Sarkastisch gesprochen könnte ich sagen: die Gesellschaft hat sich da ein tolles Mittel dagegen einfallen lassen: Einfach ein Baby bekommen! Ha! Was bin ich doch in den Monaten NACH der Hochzeit damit belagert worden und dann oft mit Unverständnis angesehen worden, dass wir tatsächlich JETZT noch kein Kind möchten. Unvorstellbar, oder? Eine verheiratete Frau im 21. Jahrhundert, die nicht sofort schwanger wird nach der Hochzeit. Da habe ich auch mal patriarchale Konventionen in den Wind geschossen. So jetzt habe ich es einfach mal gesagt. Aber wie ich in den Wochen nach der Hochzeit und jetzt wieder nach dem Umzug gemerkt habe, es gibt Abhilfe, auch ohne ein Kind zu bekommen, gegen die post-bridal Depression!
1. Aufräumen & Ausmisten
Um besser loslassen zu können, hilft es aufzuräumen und auszumisten. Liegen noch ungenützte Flyer von einer Hochzeitsmesse bei euch zu Hause? Oder Menükarten von Caterern, die ihr nie gebucht habt? Lasst los und gebt sie weg. Nehmt auch den “lästigen” Papierkram in Angriff, also falls ihr euren Namen geändert habt, meldet euch um und erledigt die nachhochzeitlichen Ämtergänge! Ich gestehe es gleich: Das ist der Punkt, der mir am schwersten fällt, weil ich ein Souvenireichhörnchen bin und sogar nicht benutzte Servietten aus einem britischen Pub als “Souvenir” und aufbewahrungswürdig einstufe, so geschehen auch mit Hochzeits”souvenirs”. Nach der Hochzeit haben wir es aber gemacht: Gemeinsam und es tut so gut. Buchunterstützung gibts auch: Tausche Chaos gegen Leichtigkeit oder Richtig ausmisten. Gerümpelfrei leben (hat mich ins Grübeln gebracht. postiv.)
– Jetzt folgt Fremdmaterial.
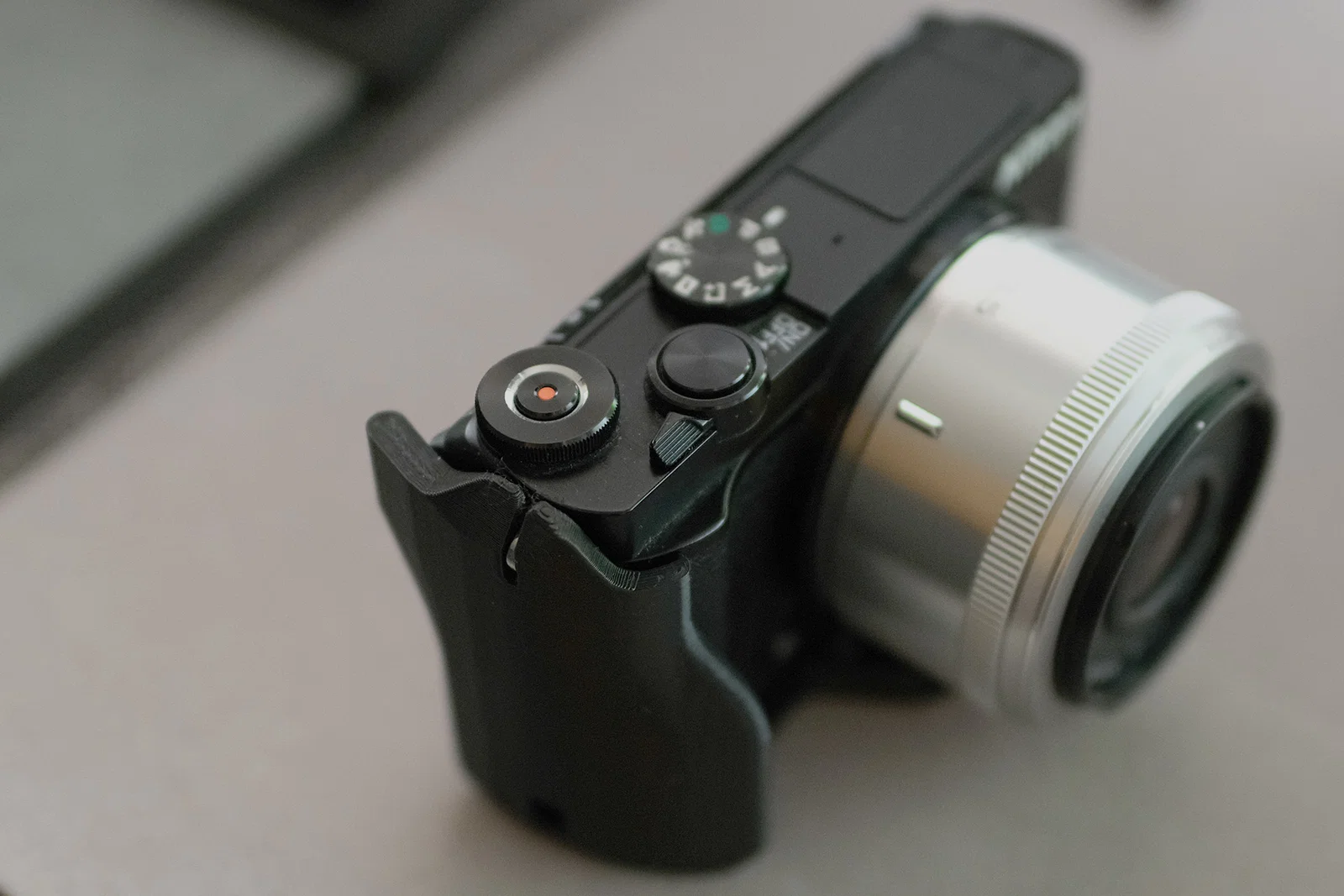 Thiết kế này sử dụng cơ chế ép chặt vào vị trí gắn dây đeo zin của máy để giảm độ rung lắc. Sau khi làm vậy và vát cạnh trên để ngón tay bạn dễ bấm nút chụp hơn, mình thấy không còn chỗ nào phù hợp để thêm chốt gắn dây đeo phía trên bên phải nữa.

2. Ein neues Projekt muss her!
Nach dem Heiratsantrag bei mir im April 2012 hatte ich sage und schreibe 16 Monate (da haben fast nur Elefanten eine längere Tragezeit) Zeit, um mich richtig schön meinem Hochzeitswahnsinn hinzugeben. 16 Monate war ich im Brauthimmel und die Planung wurde sowas wie unser Hobby: Wochenende? Das hieß bei uns 2012–2013 oft irgendwohin fahren, um mit irgendwem über irgendwas hochzeitliches zu reden, etwas hochzeitliches zu buchen oder zu kaufen…… Und auch Verwandte und Freunde waren quasi im Hochzeitsfeierbund eifrig dabei: “Und, wie läuft’s denn? Hast du schon ein Kleid? Wie sieht es aus?” schoss es mir oft entgegen und in meinem Kopf kreisten jede Menge hochzeitliche Gedanken….Ein Grund für depressive Neigung nach der Hochzeit ist, weil man einen langen Zeitraum hatte, um sich auf das Projekt zu freuen und vorzubereiten. Ist es vorbei, fällt man in ein Loch. Daher: ein neues Projekt muss her! Die Wohnung etwa neu dekorieren? Eine Reise? (auch nochmal nach den Flitterwochen)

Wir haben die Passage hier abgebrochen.